Scoping study to be released shortly but i did my quick estimate on it.

Producing 500,000 tonnes per year this is equivalent to 500,000x$800=400 million per year for 20 years min = $8 bilion owns 70% = 2.4 billion

Infrastructure already exists therefore capital cost = 10 -20 million they only need to crush it down to 25 mm to be able to achieve the 50 -65 %Fe.

Test is in progress and results are showing that the 50 -56 % Fe is possible through a simple one stage magnetic separation quite cheap. 

Just remember this is a hematite ore and very cheap to process.

Operating cost came up to be around the 10 mill per year this is just a rough estimate remember project in Indonesia labour cost cheaper that in Australia. Therefore 20 years x 10 mill = 20 mill worst case scenario

cash in hand 2.2 billion 

number of shares in issue + options = 80 mill

Take tax and other issues of shares looking at around the $10 -$25 per share i actualy calculate it to be $25 per share.

I could be wrong do your sums. So far being doing well did well with Haz and Lrl first to post!


----------



## Kat82 (12 June 2007)

*IDO - Indo Mines Ltd*

Do we have any holder of this stock in this forum?  Any idea why the stock price dropped almost 6% today?


----------



## Woody (12 June 2007)

Yeah, I hold. They have run up from around 120c to 140c over the last few weeks. Have pulled back before.  Volume wasn't huge. Not hearing any bad vibes, in fact quite the opposite. Most of this stock is held by serious long-term players now. Wouldn't like to see two or three more days like today though.


----------



## Kat82 (13 June 2007)

Woody said:


> Yeah, I hold. They have run up from around 120c to 140c over the last few weeks. Have pulled back before.  Volume wasn't huge. Not hearing any bad vibes, in fact quite the opposite. Most of this stock is held by serious long-term players now. Wouldn't like to see two or three more days like today though.




Woody, thanks for replying.  Read some local articles dated Mar ~ May 07.  This is a huge project and the local government is very keen to proceed as it will benefit the local economy.  Indonesia currently imports most of the raw materials to produce steel and they are very eager to source domestically.  Krakatau Steel, the state-owned steel company, needs 150kt per month of raw materials and currently only buy 10k-15kt p.m. from the domestic suppliers.  

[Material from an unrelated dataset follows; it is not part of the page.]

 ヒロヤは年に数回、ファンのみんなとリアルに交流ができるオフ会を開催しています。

The picture is not all rosy though.  The local farming community voiced their objection to the proposed steel plant as they believe it will destroy the eco-system.  (Somehow this is not mentioned in any of the company's announcements.)  It has become a heated issue.

Krakatau Steel also said that there is a lot of potential in the iron sand business in Indonesia.  However, very few investors committed capital so far because the profit margin is very low.  When I look at the numbers provided by the company, it looks very decent.  I wonder why Krakatau Steel said that.

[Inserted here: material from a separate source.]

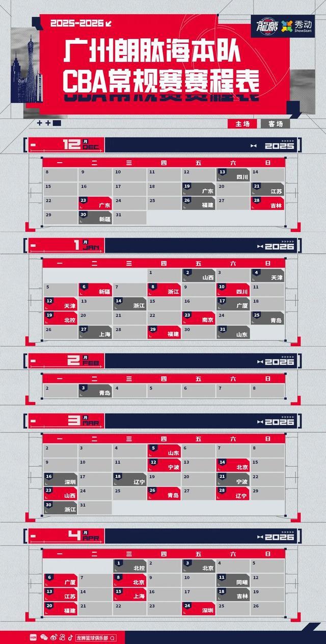 廣州朗肽海本隊(duì)2025-2026賽季賽程調(diào)整公告

I am also aware that some Chinese companies have built some sort of "concentrator" in Indonesia as the local companies are not willing to put in capital.  It appears that the Chinese companies are very desperate for iron ore/sand.


----------



## Woody (13 June 2007)

Kat I have also followed this stock closely. I believe it is a tremendous project.

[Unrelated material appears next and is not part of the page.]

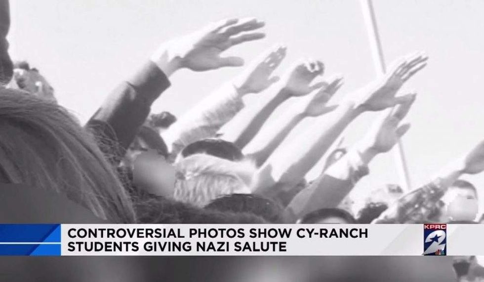 Seniors at a Texas high school are seen allegedly giving the Nazi salute in photos circulating online, KPRC-TV reported — and someone who claimed to be a fellow student told the station numerous students also were shouting "Heil Hitler" and "Heil Trump" at the time.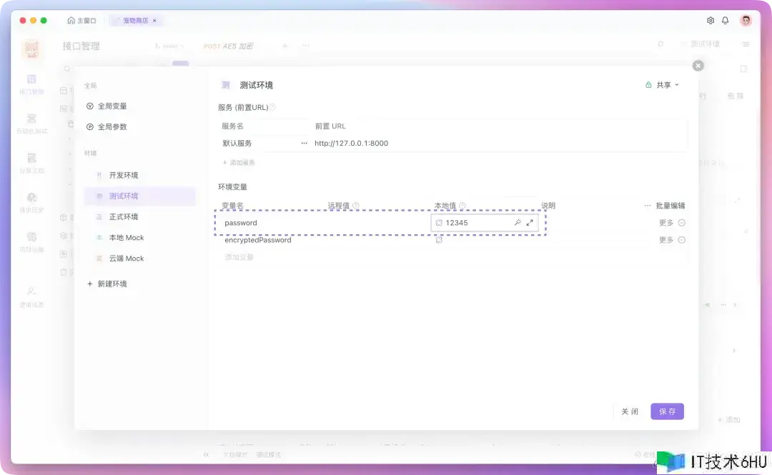 这里的{{encryptedPassword}}是 Apifox 的变量语法,它会被替换为「前置操作」中设置的环境变量encryptedPassword的值,也就是通过 AES 加密算法加密后的值。

Think you have greatly overstated the position re local objections. As with any project, these days it would be amazing if there a local greenie or two having their two bobs worth. The environmental impact of this project are very small compared with most mining ventures.  It's all been laid out by the company. Don't know about the Krakatau Steel observation you make re investment, but sounds like bull dust to me.

I personally think things are extremely rosy.

For whatever reason, maybe the general market, it seems a lot of small holders have dropped out in the last few days. IMO they will regret it. As you can see, I remain very bullish on this company. It's well backed, well managed, well connected, tightly held and as you say, will provide a major boost to the domestic Indonesian steel industry. A lot to like.


----------



## dogwithflees1983 (14 December 2007)

Anyone still following this stock? still awaiting the green light from the indo gov't who seem to be taking their time!!


----------



## Kat82 (4 January 2008)

dogwithflees1983 said:


> Anyone still following this stock? still awaiting the green light from the indo gov't who seem to be taking their time!!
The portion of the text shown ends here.